======== EXERCISE DATA
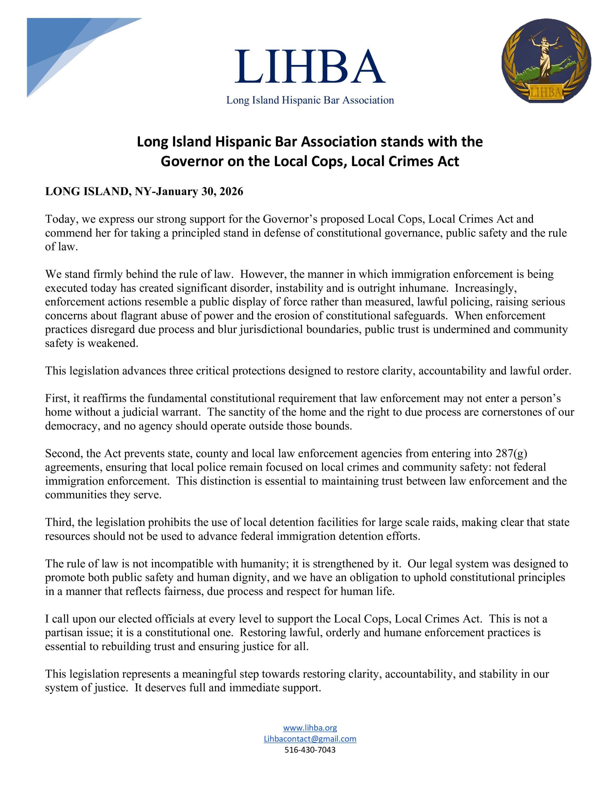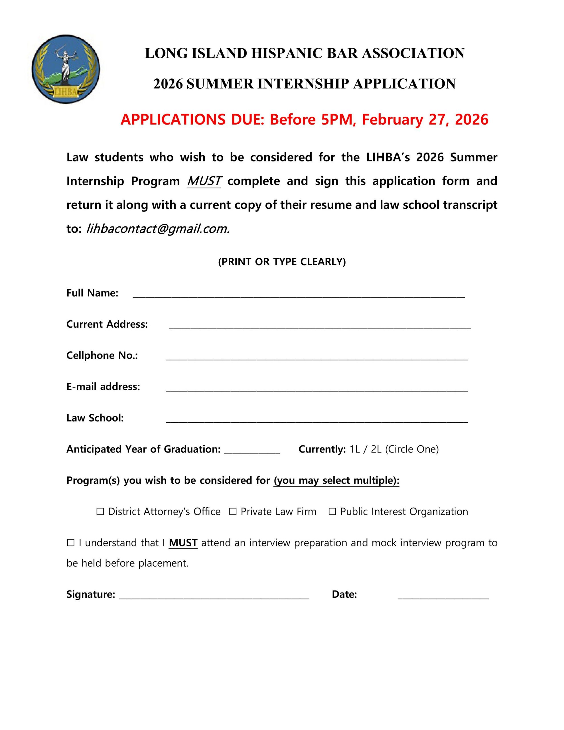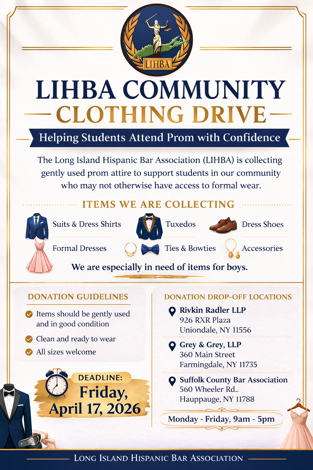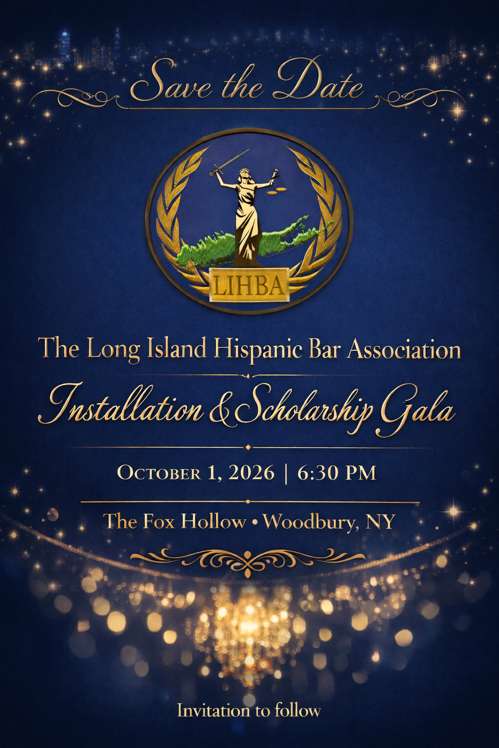 The Long Island Hispanic Bar Association works to advance the status of Hispanics both in the community and the legal profession through mentorships, legal education, leadership, community outreach, and promoting the proper administration of justice. LIHBA also hosts an annual Scholarship Gala in support of law students in our community. With the help of generous sponsors, LIHBA invests in the future and gives deserving law students the opportunity to continue studying while easing their financial burden.
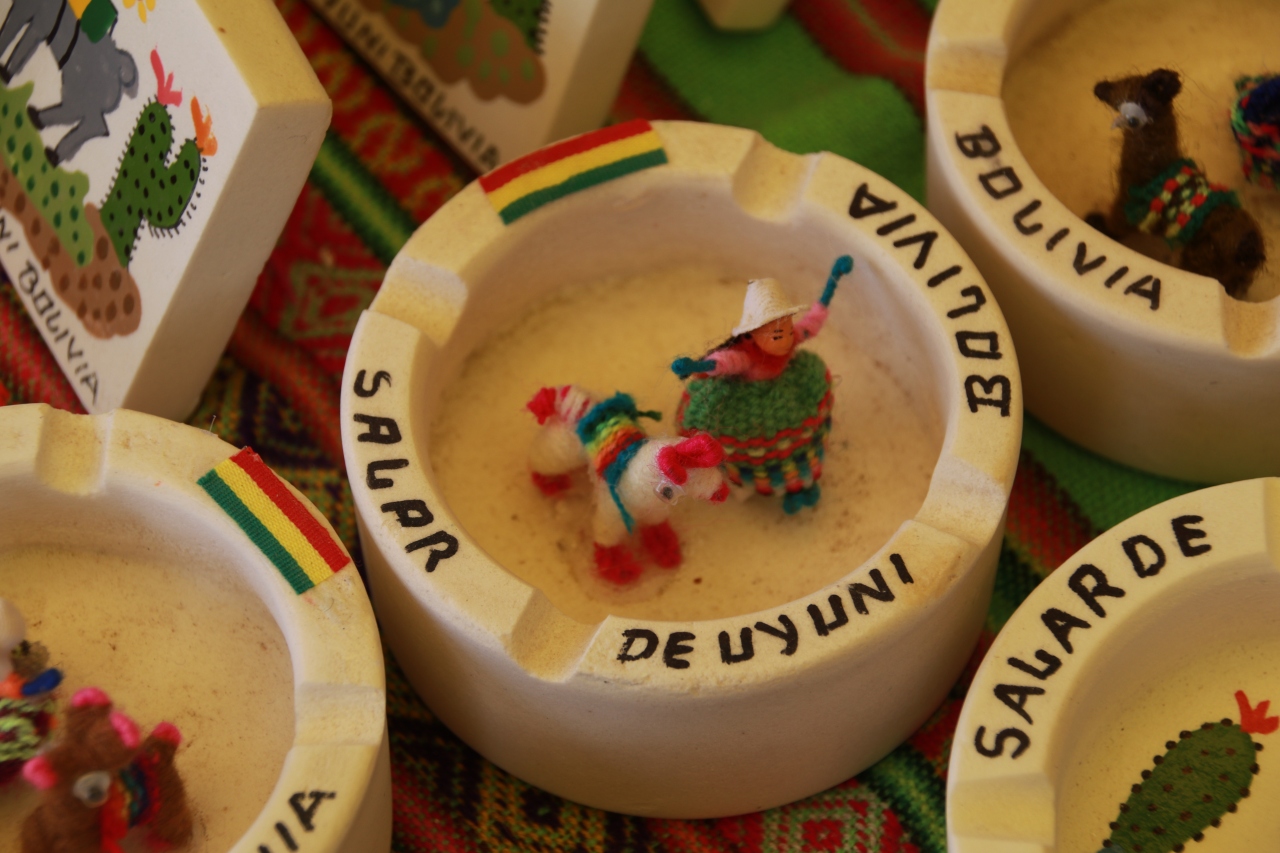 近くには塩の精製工場もあり、塩湖の塩を精製するところも見ることができます。お土産品はどこも同じようなものばかりですが、民族衣装などカラフルなものが多くあります。また、岩塩を削って作った置物なども売られています。
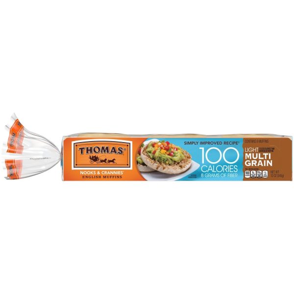u0026bull;TRADITIONAL FAVORITE: Crunchy on the outside, and soft and chewy on the inside when toasted, our Light Multi-Grain English Muffins help you keep your diet in check and allow you to go all out on toppings.u003cbru003eu0026bull;NUTRITIONAL INFO: Our Light Multi-Grain English Muffins are an excellent source of fiber with 8g in each muffin, are baked without high fructose corn syrup, and are 100 calories per serving. They contain wheat, soy and milk and are made in a bakery that may also use tree nuts.u003cbru003eu0026bull;TREMENDOUS TEXTURE: When you gently hand or fork-split your Thomas’ English Muffin, its texture toasts up crispy on the edges and soft in the middle — perfect for your favorite toppings like rich butter, smooth cream cheese, or fresh avocado slices.u003cbru003eu0026bull;BREAKFAST AND BEYOND: Thomas’ English Muffins are so good you’ll want to eat them for breakfast, lunch, snack, and dinner. Their versatility is a bonus to their delicious goodness; try breakfast sandwiches, mini pizzas, or the ultimate burger.u003cbru003eu0026bull;RECIPE FOR GREATNESS: Since 1880, Thomas’ has used quality ingredients and stayed true to our baking methods. We’re always looking for ways to improve our products and introduce new and exciting breakfast breads.
================
## EXERCISE AIM
The listing must be returned in full and exactly, apart from its pictures.

## WRITTEN RESPONSE
 The Long Island Hispanic Bar Association works to advance the status of Hispanics both in the community and the legal profession through mentorships, legal education, leadership, community outreach, and promoting the proper administration of justice. LIHBA also hosts an annual Scholarship Gala in support of law students in our community. With the help of generous sponsors, LIHBA invests in the future and gives deserving law students the opportunity to continue studying while easing their financial burden.
 近くには塩の精製工場もあり、塩湖の塩を精製するところも見ることができます。お土産品はどこも同じようなものばかりですが、民族衣装などカラフルなものが多くあります。また、岩塩を削って作った置物なども売られています。
u0026bull;TRADITIONAL FAVORITE: Crunchy on the outside, and soft and chewy on the inside when toasted, our Light Multi-Grain English Muffins help you keep your diet in check and allow you to go all out on toppings.u003cbru003eu0026bull;NUTRITIONAL INFO: Our Light Multi-Grain English Muffins are an excellent source of fiber with 8g in each muffin, are baked without high fructose corn syrup, and are 100 calories per serving. They contain wheat, soy and milk and are made in a bakery that may also use tree nuts.u003cbru003eu0026bull;TREMENDOUS TEXTURE: When you gently hand or fork-split your Thomas’ English Muffin, its texture toasts up crispy on the edges and soft in the middle — perfect for your favorite toppings like rich butter, smooth cream cheese, or fresh avocado slices.u003cbru003eu0026bull;BREAKFAST AND BEYOND: Thomas’ English Muffins are so good you’ll want to eat them for breakfast, lunch, snack, and dinner. Their versatility is a bonus to their delicious goodness; try breakfast sandwiches, mini pizzas, or the ultimate burger.u003cbru003eu0026bull;RECIPE FOR GREATNESS: Since 1880, Thomas’ has used quality ingredients and stayed true to our baking methods. We’re always looking for ways to improve our products and introduce new and exciting breakfast breads.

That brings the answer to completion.